International career
- Years: Team / Apps / (Points)
- 2005–2010: Fiji / 4 / (5)
- Correct as of 05 Jan 2008
- Medal record
Men's rugby sevens
Representing Fiji
Commonwealth Games
| Bronze medal – third place | 2006 Melbourne | Team competition |

= Apolosi Satala =

Fiji international rugby union player

Apolosi Vonowale Satala (born 14 August 1978 in Namoli, Lautoka Fiji) is a Fijian rugby union footballer. He plays as a wing, centre, number eight and Flanker . His nickname is Apo. He is the cousin of Namoli steelman, Viliame Satala.
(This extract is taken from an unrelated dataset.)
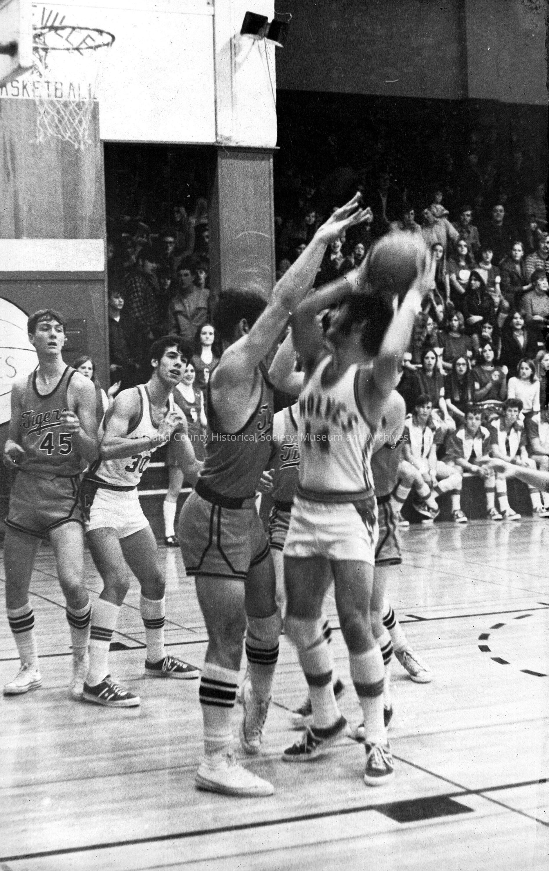 Basketball game with Randy Duggan holding ball and looking at Bill Riley.

He is married to Olivia and they have two children and is a private in the Army serving with 1st Battalion The Royal Regiment of Scotland. He grew up in the city of Lautoka and he played for Lautoka in the National Provincial Rugby Tournament in Fiji. He has represented Fiji in the Rugby Sevens as well as in fifteens. He plays as a prop/hooker in the sevens code. He is a member of the British Armed Forces and he also played sevens rugby for the army team winning many tournaments.
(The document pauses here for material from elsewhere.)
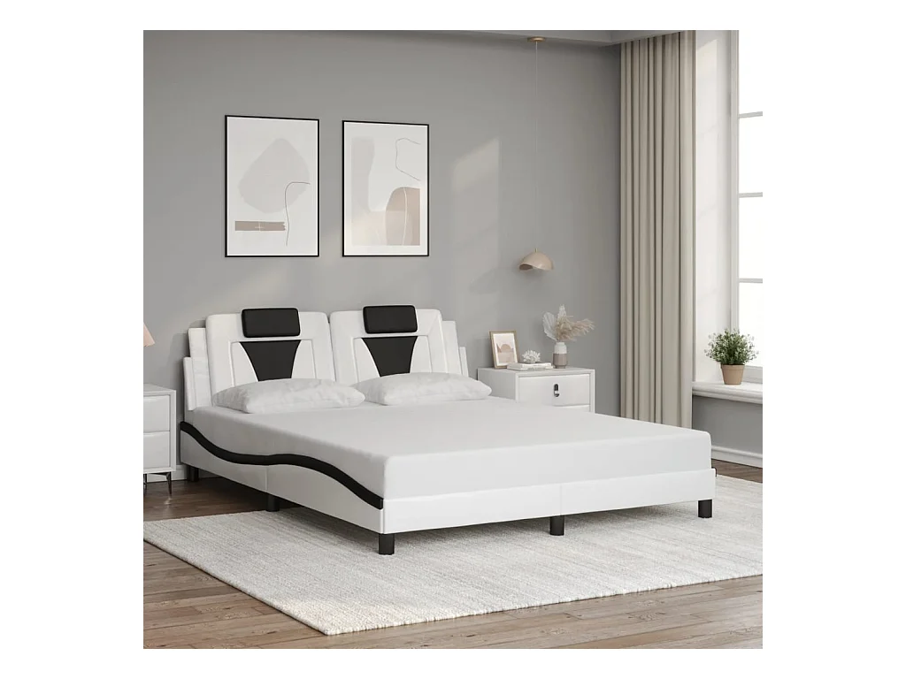 Cadre de lit sans matelas blanc et noir 160x200 cm similicuir

He represented Fiji in the 2006 Commonwealth Games where Fiji won the bronze medal defeating Australia. He was picked by the Leeds Carnegie rugby club which plays in the National Division One. He played 8 games for them scoring his first try against Saracens in the EDF Energy Cup and scored a further 2 against defending champions, Bath. A member of the winning Army Middlesex Sevens team in both 2001 and 2004, he played for Fiji in the 2005 Rugby World Cup Sevens and returned from Hong Kong with a winners medal and the Melrose Cup. he made his debut for Fiji in the XV's man code in June 2005 against Tonga. he has also played for the Heriot's Rugby Club and the Edinburgh Gunners briefly and Taunton RFC. He now plays for the Gloucester rugby as a replacement for injured flanker and fellow Fijian, Akapusi Qera. He signed a contract with Gloucester until the end of the 2009/2010 season. He has signed to join Sale Sharks for the 2010/2011 season on a 1-year contract.

==Personal life==
His son Malelili Satala-Navlivou is also a rugby union player.